Along with the daunting problems of logistics and desert heat, the American military command now on the ground in Saudi Arabia must also face the grim realities of its new partner--the Saudi army.

Since 1974, Saudi Arabia has spent billions of dollars building a defense Establishment, while knowing that it could never fight a war. The backbone of the kingdom’s defense strategy lay in reliance on the American commitment to the survival of an independent Saudi Arabia. With a relatively small population of men eligible for military service, the kingdom must defend 872,722 square miles, three coastlines and a northern border void of any natural defenses that stretches the width of the Arabian peninsula. But Saudi Arabia’s defense problems go even deeper, into the very nature of its society and political system.

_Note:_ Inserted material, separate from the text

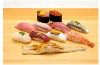
表参道にぎり 11 貫

個室×専属板前の贅沢体験！こだわりのお米「ささしぐれ」で味わう至高のにぎり『築地玉寿司 ささしぐれ』が4月25日に移転、リニューアルオープン。店舗面積はこれまでの倍となり、席数も拡大。ご要望の多かった6名様個室を新設し、様々なニーズに合わせた店舗へと生まれ変わります。個室は「専属板前付きカウンターサービス」を導入。お客様専属の板前が目の前で一貫ずつ丁寧に寿司を握り、最高のタイミングで味わえる贅沢なひとときをお楽しみいただけます。丁寧に仕込んだネタはもちろんのこと、「ささしぐれ」で握られた寿司は、口に含んだ瞬間、ふっくらとした米の甘みと香りが広がり、ネタ本来の旨みを引き立てます。また、オープニングキャンペーンとして、生本鮪の3貫盛り(大トロ、中トロ、赤身)を期間限定販売。品質・鮮度に自信を持つ江戸前のネタと、自然栽培米「ささしぐれ」のコラボレーションをお楽しみに。

More than a nation, Saudi Arabia is a fragile collection of fiercely independent individuals who resist incorporation into institutions. Culturally, Saudis are deeply marked by the Bedouin ethos, which holds that a man bows to no master, not even his government. The Saudis have lived within a state only since 1924, when the Bedouin army of Abdul Aziz ibn Saud finally subdued Mecca and the Western coastal plain and declared the kingdom of Saudi Arabia. With no fiscal resources with which to build a nation, Abdul Aziz brought the Bedouins of the desert and the merchants of the towns together through a series of loose alliances built on religious orthodoxy and the monarch’s own 300 marriages into the kingdom’s major families. Relationships with the ruler were personal, not institutional. Loyalty of the highly independent Saudis resided within their individual families. And identity remained with a specific region of this vast and vacant county.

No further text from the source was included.